BooleanAlgebra.sdiff_eq

theorem BooleanAlgebra.sdiff_eq : ∀ {α : Type u} [self : BooleanAlgebra α] (x y : α), x \ y = x ⊓ yᶜ

For any types `α` with a `BooleanAlgebra` structure and any elements `x` and `y` of the type `α`, the set difference `x \ y` (the set of elements in `x` but not in `y`) is equivalent to the intersection of `x` with the complement of `y` (`x ⊓ yᶜ`). In other words, removing elements of `y` from `x` is the same as finding elements that are in `x` and not in `y`.
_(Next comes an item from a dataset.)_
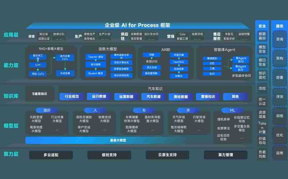 端到端的一站式AI工作空间深度融合了从企业战略规划到日常经营的全流程业务板块,,,,定向解决车企内部领域多、、部门多、、、、链条长、、场景碎片化等难题,,,,支持车企快速构建以AI为核心的生产力写作体系,,,,实现任务执行与AI能力的无缝集成与交互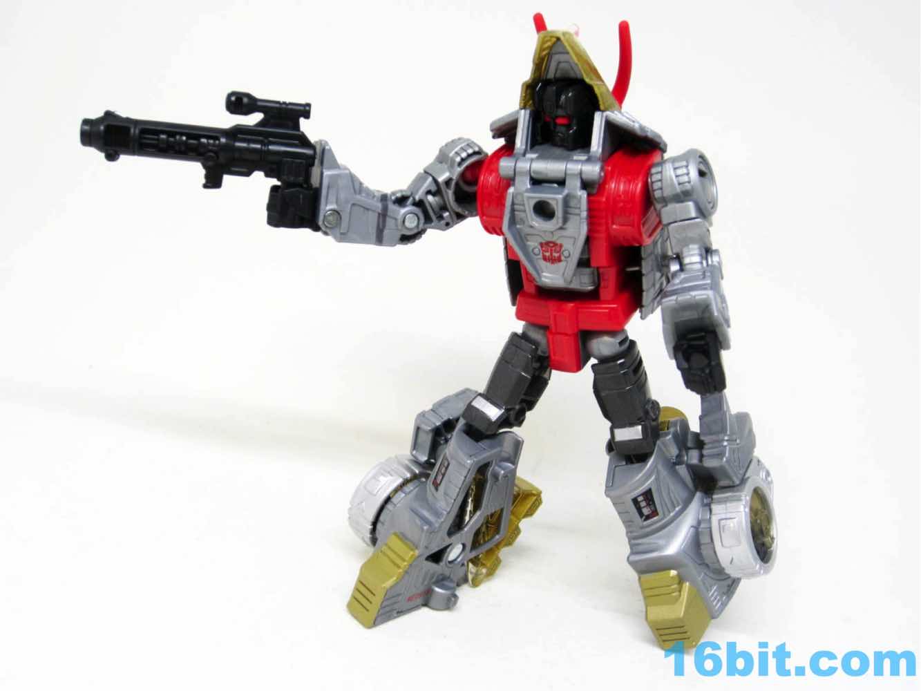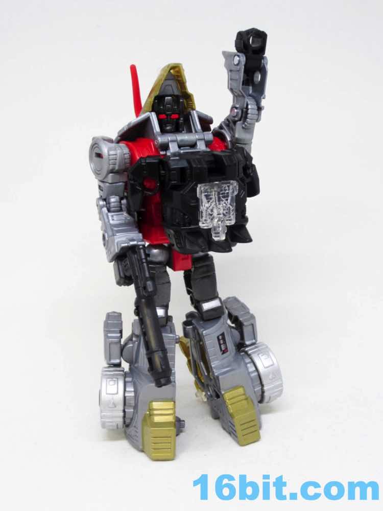 The original toy's rocket launcher and sword are gone, but you do get a decent recreation of the original toy's blaster. Swoop and Snarl have swords, Slug and Sludge have blasters, and Grimlock gets neither. I don't know how this came to be.

More concisely: For any Boolean algebra `α` and elements `x, y` in `α`, `x \ y` equals `x ∩ yᶜ`.

isCompl_compl

theorem isCompl_compl : ∀ {α : Type u} {x : α} [inst : BooleanAlgebra α], IsCompl x xᶜ

This theorem states that for all elements `x` of a type `α` in a Boolean algebra, `x` is complementary to its own complement `xᶜ`. In terms of set theory, this theorem proves that every element and its complement form a complementary pair, meaning the union of the two gives the universal set and their intersection is empty.

More concisely: In a Boolean algebra, for all elements `x`, `x` is complementary to `xᶜ`, meaning `x ∨ xᶜ = ⊤` and `x ∧ xᶜ = ⊥`.

sdiff_sdiff_eq_self

theorem sdiff_sdiff_eq_self : ∀ {α : Type u} {x y : α} [inst : GeneralizedBooleanAlgebra α], y ≤ x → x \ (x \ y) = y

This theorem states that for any type `α` that forms a Generalized Boolean Algebra, and for any elements `x` and `y` of that type; if `y` is less than or equal to `x`, then the symmetric difference of `x` and the symmetric difference of `x` and `y` equals `y`. In mathematical terms, this theorem can be expressed as: if `y ≤ x`, then `x \ (x \ y) = y`. The backslash (`\`) operation represents the symmetric difference in this context.

More concisely: For any type `α` forming a Generalized Boolean Algebra and elements `x` and `y` of `α` with `y ≤ x`, we have `x \ (x \ y) = y`.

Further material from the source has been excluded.